**The problem:**
Nothing but the lines from the start of the entries through the line holding "Çalışmanın bulguları, projenin" is to be repeated, exactly and with pictures excluded.

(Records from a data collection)
>>>>
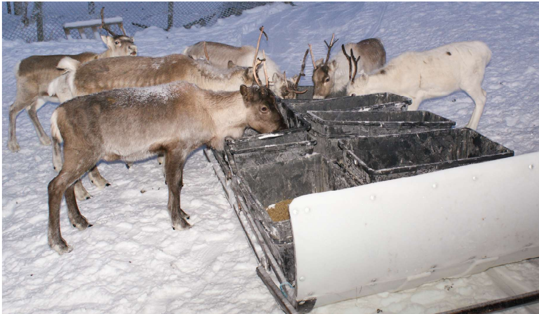
Reahka mainna fievrrida fuođđariid.
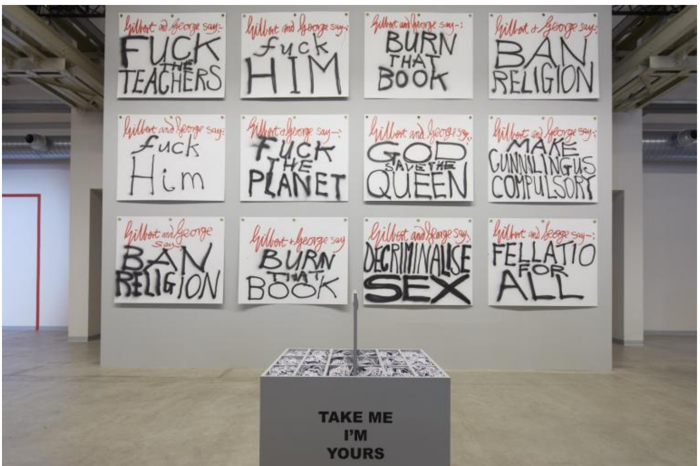
“Take Me (I’m Yours)”, veduta della mostra, Pirelli HangarBicocca, Milano, 2017.

Non sono forse le esperienze che facciamo, come le viviamo, a renderci quello che siamo?
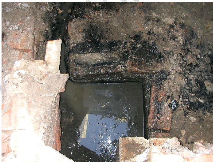
Lám. II; arqueta exhumada

A continuación y en el patio interior de luces se ha procedido a la excavación de un sondeo de 2,00 m x 2,00 m y 1,70 m. de profundidad para ubicación de un ascensor, donde el primer nivel investigado se corresponde con una reforma de la red de saneamiento del edificio en época reciente; mientras que el II nivel investigado está relacionado con parte de la red de saneamiento y cimentación original del edificio existente.
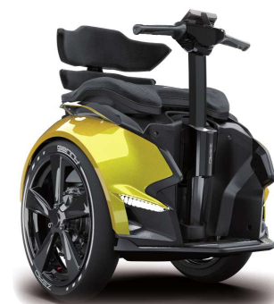
► Elektryczny wózek inwalidzki Genny Zero.

znajdujące się z tyłu otwierają się po naciśnięciu przycisku powodując jednocześnie wysunięcie rampy. Uruchomienie silnika
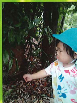
ぬけ殻取ってみよう…
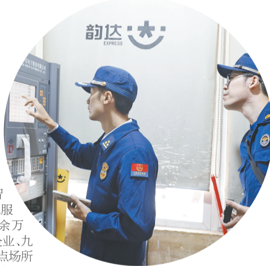
“双十一”前后,义乌市消防救援支队指导顺丰、中通、韵达等快递企业开展消防安全检查、宣传、演练。

此外,支队全面推进智慧消防建设,在江东街道开展试点,召开全市“智慧消防”建设推进会,推广“人防+技防”深度融合经验;探索应用登高面占用监测、消控室离岗预警等物联网感知设备,推动“135”快速应急响应圈建设。全市已建成智慧消防应急站121个,配备专业技术服务人员695人,接入物联网感烟140余万只、远程监控1800余套,覆盖工业企业、九小场所、沿街店面、出租房等各类重点场所10.9万余处,火灾防控精准度和时效性显著提升。2025年,全市火灾起数同比下降,未发生亡人及有影响的火灾事故,火灾形势总体平稳。
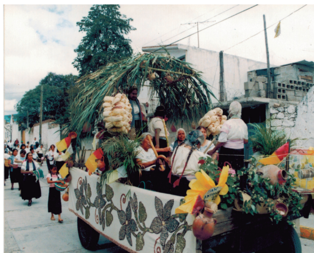
Carro alegórico en el desfile de feria.

predatorio de los recursos naturales, que ha seguido la iglesia católica desde hace varias décadas.
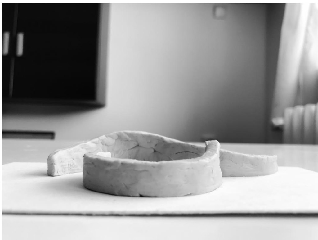
Фиг. 2. Макет на идейния архитектурен проект
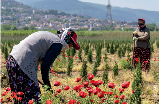
Çalışmanın bulguları, projenin hedeflerine ulaştığını gösterdi.

Geçim Kaynakları ve Yerel İşgücü Piyasası Üzerindeki Etkisi" adlı bir raporda derlendi. Rapor bulguları, projenin istihdam, beceri geliştirme ve dayanıklılığı artırma ile ilgili hedeflerine ulaştığını gösteriyor. Raporda dikkat çeken bulgulardan biri, projeye kadınların yüksek oranda katılımıdır; bu katılım bazı bölgelerde erkek katılımcıların sayısına eşit ya da daha fazladır. Bu veriler, projenin cinsiyet eşitliğini teşvik etme ve işgücünde kadınları güçlendirme konusundaki etkinliğini vurguluyor. Elde edilen bu önemli rakamlar ve bulgular, projenin yerel işgücü piyasası üzerindeki önemli etkisini ve topluluklardaki ekonomik ve sosyal refahı artırma yönündeki odaklanmış çabaların değerini gösteriyor. Rapor ayrıca, özellikle tarım sektöründe, yararlanıcılar arasında mesleki becerilerde kayda değer bir gelişme olduğunu ve daha sürdürülebilir ve dirençli geçim yollarına doğru olumlu bir değişim olduğunu belirtiyor. Genel olarak, bulgular projenin toplulukları güçlendirme ve tarımı hem geçerli hem de ödüllendirici bir alan olarak teyit etme konusundaki başarısını yansıtıyor.
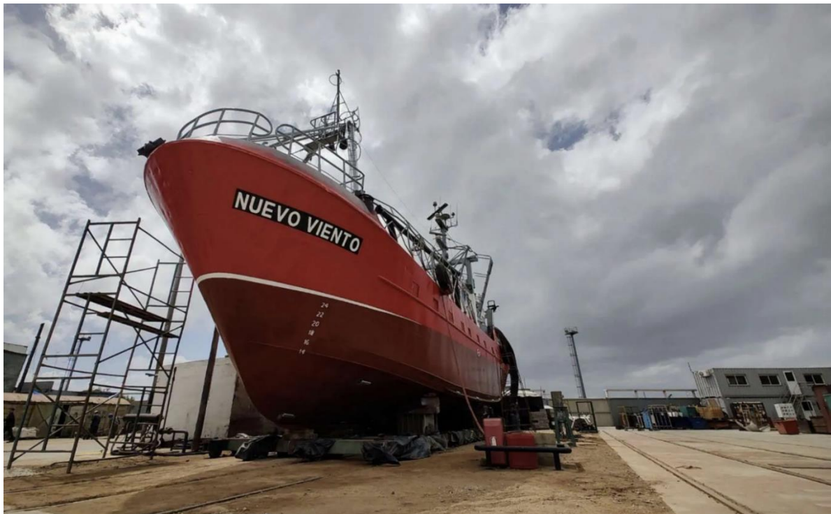
Figura 1: Buque pesquero Nuevo Viento visto desde su amura de babor.
<<<<
**Answer for this exercise:**
Reahka mainna fievrrida fuođđariid.
“Take Me (I’m Yours)”, veduta della mostra, Pirelli HangarBicocca, Milano, 2017.

Non sono forse le esperienze che facciamo, come le viviamo, a renderci quello che siamo?
Lám. II; arqueta exhumada

A continuación y en el patio interior de luces se ha procedido a la excavación de un sondeo de 2,00 m x 2,00 m y 1,70 m. de profundidad para ubicación de un ascensor, donde el primer nivel investigado se corresponde con una reforma de la red de saneamiento del edificio en época reciente; mientras que el II nivel investigado está relacionado con parte de la red de saneamiento y cimentación original del edificio existente.
► Elektryczny wózek inwalidzki Genny Zero.

znajdujące się z tyłu otwierają się po naciśnięciu przycisku powodując jednocześnie wysunięcie rampy. Uruchomienie silnika
ぬけ殻取ってみよう…
“双十一”前后,义乌市消防救援支队指导顺丰、中通、韵达等快递企业开展消防安全检查、宣传、演练。

此外,支队全面推进智慧消防建设,在江东街道开展试点,召开全市“智慧消防”建设推进会,推广“人防+技防”深度融合经验;探索应用登高面占用监测、消控室离岗预警等物联网感知设备,推动“135”快速应急响应圈建设。全市已建成智慧消防应急站121个,配备专业技术服务人员695人,接入物联网感烟140余万只、远程监控1800余套,覆盖工业企业、九小场所、沿街店面、出租房等各类重点场所10.9万余处,火灾防控精准度和时效性显著提升。2025年,全市火灾起数同比下降,未发生亡人及有影响的火灾事故,火灾形势总体平稳。
Carro alegórico en el desfile de feria.

predatorio de los recursos naturales, que ha seguido la iglesia católica desde hace varias décadas.
Фиг. 2. Макет на идейния архитектурен проект
Çalışmanın bulguları, projenin hedeflerine ulaştığını gösterdi.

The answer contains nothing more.